Argon is an inert gas which is used in diverse applications such as welding, electric appliances, inert atmospheres in steel production, etc. Lately, its demand has increased substantially due to the rapid growth of the semiconductor industry. In the semiconductor industry, Ar of an extremely high purity is normally used. As a result, there is a need for processes to produce Ar with substantially low concentrations of O.sub.2.
Traditionally, Ar is produced from air in a cryogenic air separation plant, wherein, in addition to the recovery of O.sub.2 -- and N.sub.2 -rich streams, a crude Ar stream containing about 94-97% Ar, about 3-5% O.sub.2, and about 0.01-1% N.sub.2 is also recovered. The crude Ar stream is then further purified to produce a high purity Ar stream. In the first step of a typical purification scheme, crude Ar is mixed with H.sub.2 and passed through a catalytic hydrogenation unit, such as a Deoxo process, to react O.sub.2 with H.sub.2 to form water. The water is then removed, and the remaining gas stream is sent to a cryogenic distillation unit to remove the N.sub.2. Depending on the concentration of O.sub.2 in the crude Ar stream and the required O.sub.2 content in the final product, the amount of H.sub.2 consumed by this process can be fairly high. The cost of H.sub.2 contributes a significant fraction to the overall cost of the purification process. Moreover, in some instances due to the particular location of the air separation plant, an inexpensive H.sub.2 source may not be available. As a result, there is a need for purification processes which either do not use H.sub.2 or substantially decrease the amount that is required.

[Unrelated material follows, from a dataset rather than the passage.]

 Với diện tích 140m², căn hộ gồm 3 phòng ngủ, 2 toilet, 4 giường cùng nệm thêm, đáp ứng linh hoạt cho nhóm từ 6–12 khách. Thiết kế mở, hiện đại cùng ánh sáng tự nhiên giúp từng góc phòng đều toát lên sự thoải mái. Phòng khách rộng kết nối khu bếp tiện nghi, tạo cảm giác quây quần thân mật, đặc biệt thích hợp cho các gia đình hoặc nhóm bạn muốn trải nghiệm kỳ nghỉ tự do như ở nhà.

Attempts have been made in the past to purify crude Ar without the use of H.sub.2. All these processes remove O.sub.2 by its preferential kinetic adsorption on carbon molecular sieves. Details of such processes can be found in U.S. Pat. No. 4,477,265 assigned to Air Products and Chemicals, Inc.
U.S. Pat. No. 4,144,038, discloses a process wherein crude Ar from a cryogenic air separation plant is first passed through a bed of molecular sieve carbon for selective adsorption of O.sub.2 ; and the unadsorbed effluent, lean in O.sub.2, is passed through a zeolite bed for selective adsorption of N.sub.2. In this patent, both adsorbents are packed in the same column, and regeneration of the column is performed by simultaneous vacuum desorption of both adsorbents in the column.

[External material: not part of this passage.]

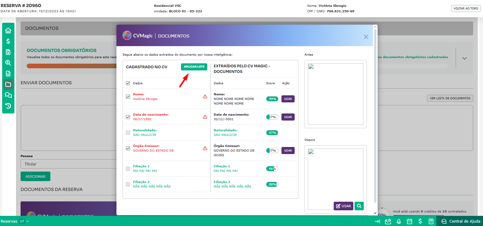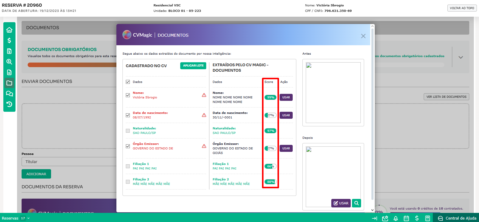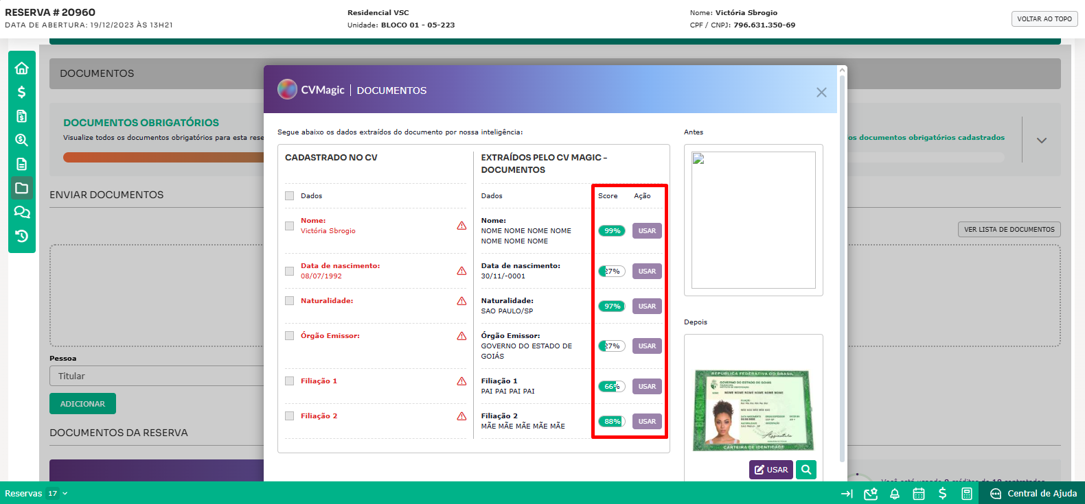 A ferramenta exibirá a imagem originalmente anexada (Antes) e a imagem editada (Depois), realizando ajustes de enquadramento. Assim, se o cliente enviou uma imagem invertida ou um pouco distante, o CV Magic | Documentos fará esses ajustes, permitindo que você visualize as versões Antes e Depois. Você pode optar por substituir a imagem original pela editada ao clicar no botão "Usar". Isso garante que, ao baixar os documentos, a versão atualizada da imagem seja incluída automaticamente. A imagem pode ser ampliada na tela ao clicar na lupa.

U.S. Pat. No. 4,477,265 teaches a sequence of N.sub.2 and O.sub.2 removal by adsorption which is the opposite to that taught in the above-mentioned U.S. Pat. No. 4,144,038. In this patent, N.sub.2 is first removed from the crude Ar followed by the removal of O.sub.2 to provide a pure Ar stream. The N.sub.2 -selective adsorbent and O.sub.2 -selective adsorbent are used in different columns. For a given throughput of the feed gas, a lesser number of O.sub.2 -adsorbing columns than N.sub.2 -absorbing columns are used.
The processes described in all of the above patents use multibeds, a large number of valves and vacuum pumps, are cyclic in nature, and are complex to operate. There is a need for an alternate non-cyclic and simple process to remove substantial quantities of O.sub.2 from a crude Ar stream requiring little or no H.sub.2.